• **Assigned task**: Could the data below please be reproduced word for word, without the pictures?
---- Records to use
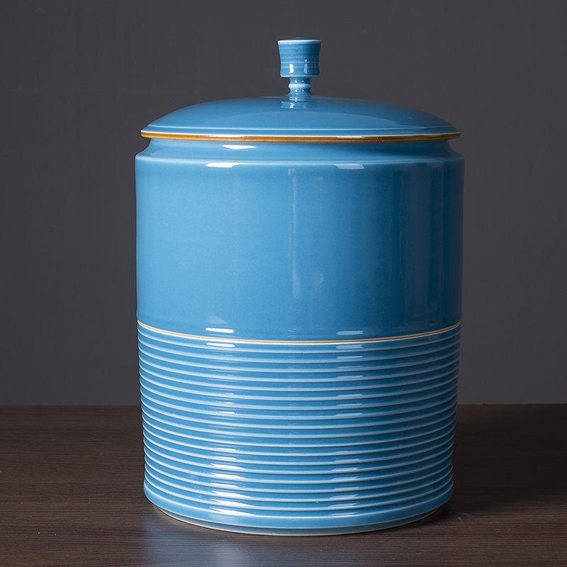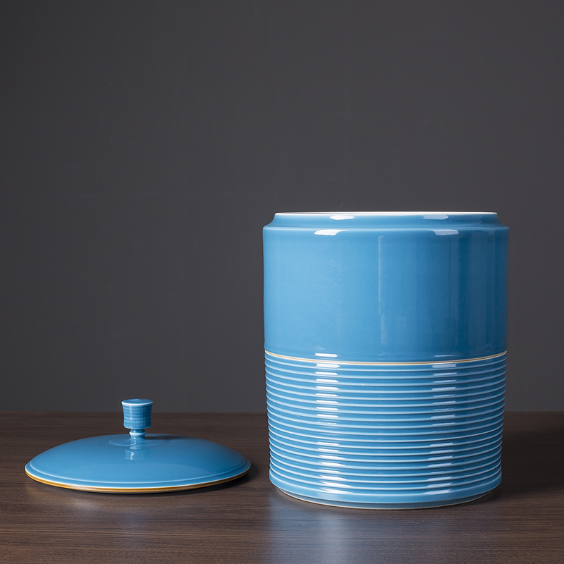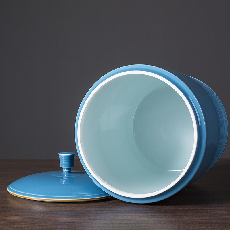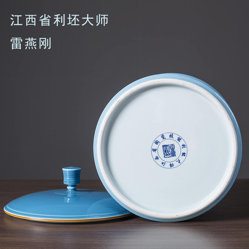 Jingdezhen handmade ceramic rice cylinder rice pail with lid large tea leaf jars 25 catty damp and insect proof sealed storage jar
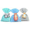 Μπομπονιέρα βάπτισης για αγόρι - υφασμάτινα πουγκιά σε 3 χρώματα (βεραμάν, μπεζ, σιέλ) με δέσιμο από δίχρωμο κορδόνι γιούτας και ξύλινη φιγούρα με ζωάκια. Το ξύλινο στοιχείο μπορεί να προσαρμοστεί στο θέμα της επιλογής σας. Επιπλέον υπάρχει η δυνατότητα να προστεθεί μαγνητάκι στο ξύλινο στοιχείο
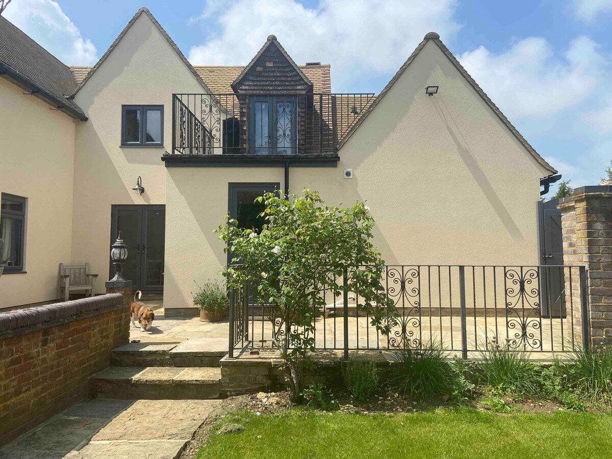 Nedavno uređena! Zadivljujuća soba u ambaru (sa privatnim ulazom) koja se nalazi pored naše prelepe porodične kuće - zgrade iz 18. veka koja se nudi u kategoriji 2. Udoban i savremeni smještaj, sa fantastičnim bračnim krevetom, luksuznom posteljinom i predivnim spojenim kupatilom. Nespresso aparat, frižider, čajnik i čajnik. Smešten u slikovitom selu Overthorpe. Sef za ključeve je opcija ako domaćini nisu u blizini ili ako biste radije samostalni dolazak
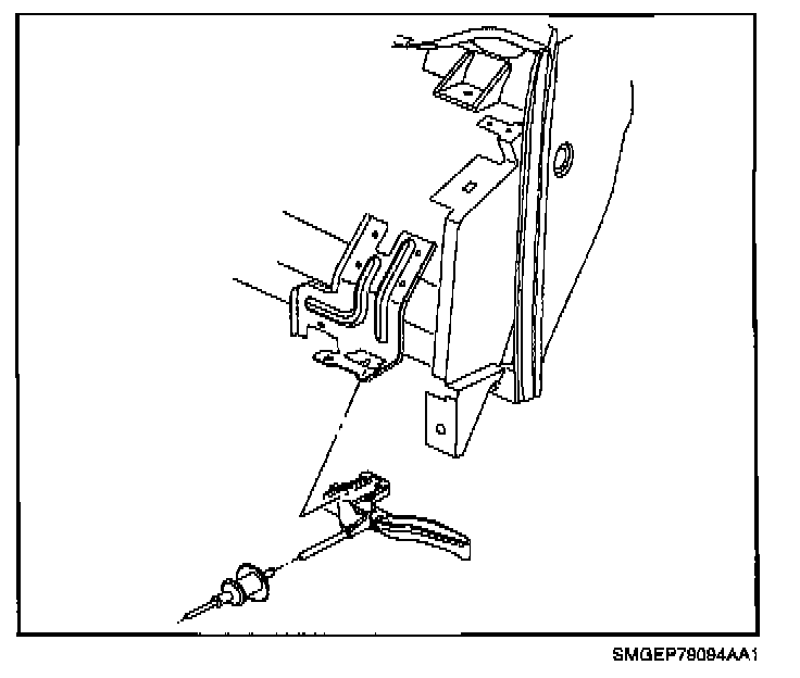 18. Insert the hood release cable through the oval core support pass-thru closest to the attaching clip mounting location only.
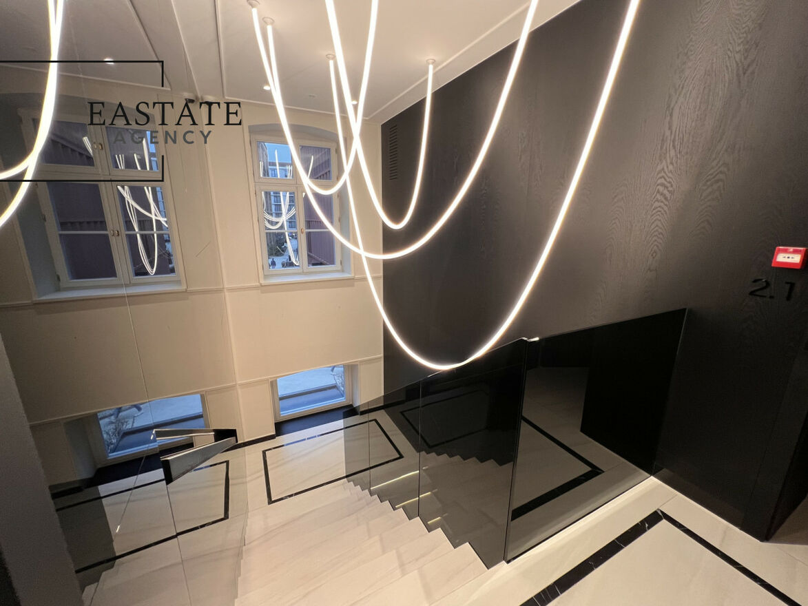 Budynek wyróżnia się unikalną architekturą, która łączy historyczną ceglaną elewację z nowoczesnym, designerskim wnętrzem wykończonym w standardzie premium. Eleganckie części wspólne, wysokiej jakości materiały oraz nowoczesne oświetlenie podkreślają prestiżowy charakter nieruchomości.
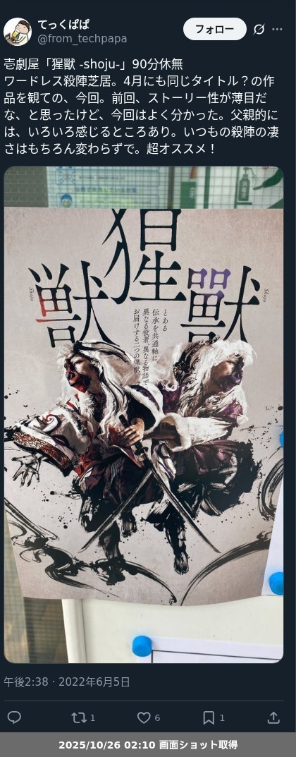 【ネタバレ分離】昨日観た芝居、 壱劇屋「猩獸 -shoju-」の観劇レポートです。
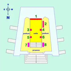 De forme trapézoïdale, l'extrémité nord étant plus large que l'extrémité sud (5,50 m de large contre 3,65 m), le sanctuaire mesure 5,50 m de long. Il est orienté du nord au sud, les côtés sud et est du sanctuaire étant creusés dans la roche naturelle et les côtés nord et ouest étant construits en pierre. Quatre marches mènent à l'allée centrale (cella) du sanctuaire qui se trouve à 80 cm sous le niveau du pronaos et des deux banquettes latérales qui l'entourent, tous au niveau du sol. On ne sait pas exactement de quel type de voûte le sanctuaire était initialement recouvert et quelle était sa hauteur. Les dimensions du sanctuaire ne permettaient d'accueillir qu'une très petite communauté de 18 à 20 personnes maximum.
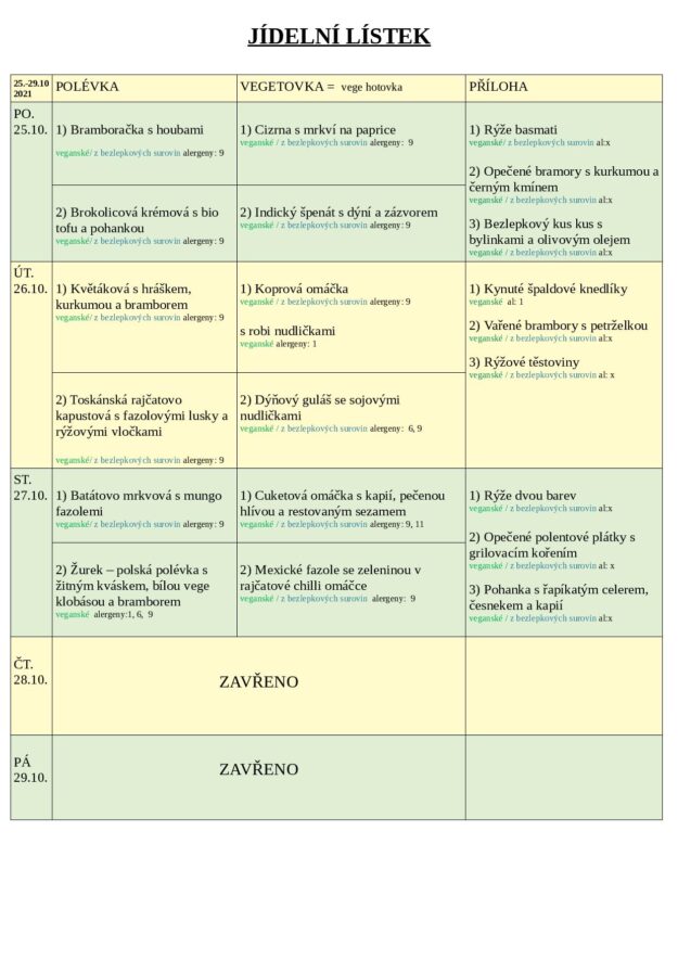 JÍDELNÍ LÍSTEK 25.-29.10 2021
--------
• **Response to the task**:
 Jingdezhen handmade ceramic rice cylinder rice pail with lid large tea leaf jars 25 catty damp and insect proof sealed storage jar
 Μπομπονιέρα βάπτισης για αγόρι - υφασμάτινα πουγκιά σε 3 χρώματα (βεραμάν, μπεζ, σιέλ) με δέσιμο από δίχρωμο κορδόνι γιούτας και ξύλινη φιγούρα με ζωάκια. Το ξύλινο στοιχείο μπορεί να προσαρμοστεί στο θέμα της επιλογής σας. Επιπλέον υπάρχει η δυνατότητα να προστεθεί μαγνητάκι στο ξύλινο στοιχείο
 Nedavno uređena! Zadivljujuća soba u ambaru (sa privatnim ulazom) koja se nalazi pored naše prelepe porodične kuće - zgrade iz 18. veka koja se nudi u kategoriji 2. Udoban i savremeni smještaj, sa fantastičnim bračnim krevetom, luksuznom posteljinom i predivnim spojenim kupatilom. Nespresso aparat, frižider, čajnik i čajnik. Smešten u slikovitom selu Overthorpe. Sef za ključeve je opcija ako domaćini nisu u blizini ili ako biste radije samostalni dolazak
 18. Insert the hood release cable through the oval core support pass-thru closest to the attaching clip mounting location only.
 Budynek wyróżnia się unikalną architekturą, która łączy historyczną ceglaną elewację z nowoczesnym, designerskim wnętrzem wykończonym w standardzie premium. Eleganckie części wspólne, wysokiej jakości materiały oraz nowoczesne oświetlenie podkreślają prestiżowy charakter nieruchomości.
 【ネタバレ分離】昨日観た芝居、 壱劇屋「猩獸 -shoju-」の観劇レポートです。
 De forme trapézoïdale, l'extrémité nord étant plus large que l'extrémité sud (5,50 m de large contre 3,65 m), le sanctuaire mesure 5,50 m de long. Il est orienté du nord au sud, les côtés sud et est du sanctuaire étant creusés dans la roche naturelle et les côtés nord et ouest étant construits en pierre. Quatre marches mènent à l'allée centrale (cella) du sanctuaire qui se trouve à 80 cm sous le niveau du pronaos et des deux banquettes latérales qui l'entourent, tous au niveau du sol. On ne sait pas exactement de quel type de voûte le sanctuaire était initialement recouvert et quelle était sa hauteur. Les dimensions du sanctuaire ne permettaient d'accueillir qu'une très petite communauté de 18 à 20 personnes maximum.
 JÍDELNÍ LÍSTEK 25.-29.10 2021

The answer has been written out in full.